Step-by-Step ViT Pipeline Image to Patches
- The input imgae (e.g., 224x224x3) is divided into fixed-size patches (e.g., 16x16)
- This converts the image into a sequence of small flattened grids.
- Patch Embedding
- Each patch is flattened into a vector and passed through a **linear projection layer** to embed it into a fixed-length vector (like word embeddings in NLP).
    - IN VIT, the embedding layer used is a linear layer and not as embedding layer as in NLP.
- Add Positional Embeddings
- Since Transformers have no built-in sense of order, positional embeddings are added to each patch embedding to presever spatial information.
- Add [CLS] Token
- A special learnable token [CLS] is prepended to the sequence.
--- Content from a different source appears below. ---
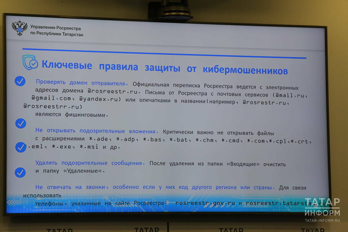 «Хәзерге вакытта мошенниклыкның иң киң таралган төре – Росреестр яки хокук саклау органнары исеменнән шалтырату һәм потенциаль корбанның исеменә күчемсез милек сату турында ышанычнамә рәсмиләштерелгән дип хәбәр итү», - дип билгеләде ТР буенча Дәүләт теркәве, кадастр һәм картография федераль хезмәте җитәкчесе урынбасары Лилия Борһанова.

Its output after the Transformer will represent the whole image (used for classification).
- Transformer Encoder Layers
- The sequence (patch embeddings + CLS + positional encoding) is fed into standard Transformer encoder layers:
- Multi-Head Self-Attention
- Add & Norm
- Feed Forward Network
- Add & Norm
- CLassification Head
- The final hidden state of the [CLS] token is passed through a classification layer (typically an MLP) to produce the predicted image class.

### Implementation

##### Import required libraries

In [6]:
import torch
import torch.nn as nn
import torch.nn.functional as F
import torch.optim as optim
import torchvision
from torch.utils.data import DataLoader
from torchvision import datasets, transforms
import numpy as np
import random # generate random indexes to visualize some images randomly
import matplotlib.pyplot as plt

In [7]:
torch.__version__

'2.7.1+cu126'

In [8]:
torchvision.__version__

'0.22.1+cu126'

##### Setup Device-Agnostic Code

In [11]:
device = "cuda" if torch.cuda.is_available() else "cpu"
device

'cpu'

In [12]:
print(f"Using Device: {device}")

Using Device: cpu


##### Set the seed

In [13]:
torch.manual_seed(42)
torch.cuda.manual_seed(42)
random.seed(42)

##### Setting the hyperparameters

In [14]:
BATCH_SIZE = 128
EPOCHS = 10
LEARNING_RATE = 3e-4
PATCH_SIZE = 4
NUM_CLASSES = 10
IMAGE_SIZE = 32
CHANNELS = 3
EMBED_DIM = 256
NUM_HEADS = 8
DEPTH = 6
MLP_DIM = 512
DROP_RATE = 0.1

##### Define Image Transformations

In [15]:
transform = transforms.Compose([
    transforms.ToTensor(),
    transforms.Normalize((0.5), (0.5))
    # helps the model to converge faster and
    # also it helps to make numerical computations stable
])

##### Getting a dataset

In [16]:
train_dataset = datasets.CIFAR10(root="data", train=True, download=True, transform=transform)
test_dataset = datasets.CIFAR10(root="data", train=False, download=True, transform=transform)

100.0%


##### Converting our datasets into dataloaders
- Right now, our data is in the form of PyTorch Datasets.
- DataLoader turns our data into batches or (mini-batches)
    - It is more computationally efficient, as in, our computing hardware may not be able to look (store in memory) at 50000 images in one hit. So we break it into 128 images at a time. (batch size of 128).
    - It gives our NN more chances to update its gradients per epoch.